Conformité et configuration HIPAA avec Apigee Edge

Vous consultez la documentation d'Apigee Edge.
Consultez la documentation Apigee X.
en savoir plus

Conformité avec la loi HIPAA avec Apigee Edge

L'une de nos plus hautes priorités est de garantir que les données de nos clients sont sécurisées, protégées et toujours disponibles. Afin de prouver la conformité de Google avec les normes de sécurité en vigueur dans notre secteur, nous avons demandé et obtenu des certifications, telles que la certification ISO 27001 et les audits SOC 2 et SOC 3 de type II. Apigee Edge permet également aux clients soumis aux exigences de la loi américaine HIPAA (Health Insurance Portability and Accountability Act) de s'y conformer.

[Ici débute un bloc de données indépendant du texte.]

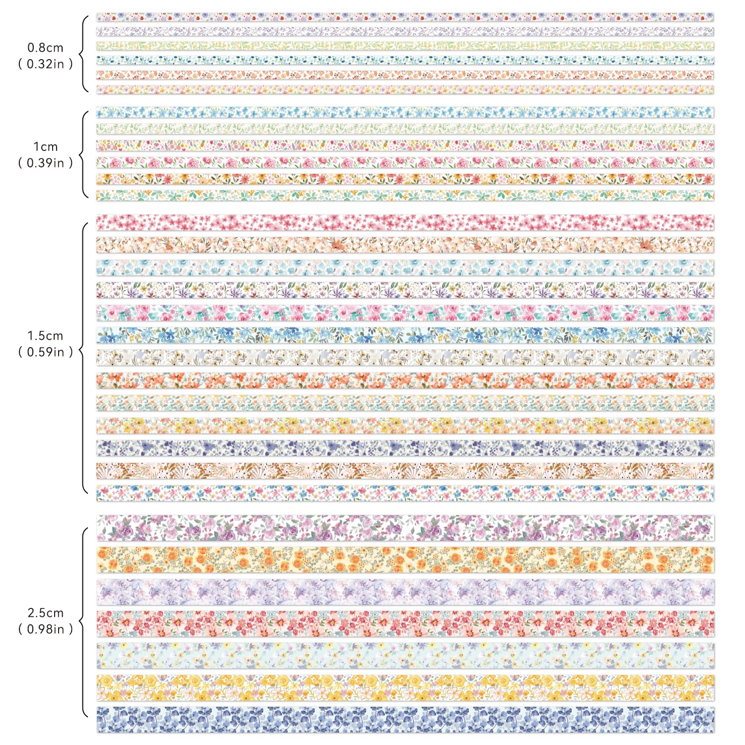 - š 32 Rolls floral designs--32 Rolls Washi Tape, 0.31 inch(8mm)wide x 6 Rolls, 0.39 inch(10mm) x 6 Rolls, 0.59 inch(15mm)wide x 13 Rolls, 0.98 inch(25mm) x 7 Rolls, each roll is 2m. 32 different patterns, this oil painting washi tape adds color and vitality to the pasted items, making daily life more interesting.

En vertu de la loi HIPAA, certaines informations sur la santé ou les services de santé d'une personne sont classées en tant que données de santé protégées. Les clients Apigee Edge qui y sont soumis et souhaitent traiter ou stocker des données de santé protégées dans Apigee Edge doivent conclure un accord de partenariat (BAA, Business Associate Agreement) avec Google.

Il revient aux clients Apigee Edge de déterminer s'ils sont soumis aux exigences de la loi HIPAA, et s'ils utilisent ou comptent utiliser les services Google en lien avec des données de santé protégées. Les clients qui n'ont pas signé d'accord de partenariat avec Google ne doivent pas utiliser les services Google en lien avec des données de santé protégées.

Les administrateurs doivent lire et accepter un accord de partenariat avant d'utiliser les services Google en lien avec des données de santé protégées.

Dans cette rubrique, nous avons publié un guide de configuration de la loi HIPAA pour Apigee afin d'aider les clients à comprendre comment organiser les données sur les services Google lorsqu'ils traitent des données de santé protégées. Ce guide est destiné aux employés d'organisations chargés de la mise en œuvre de la loi HIPAA et de la conformité avec Apigee Edge.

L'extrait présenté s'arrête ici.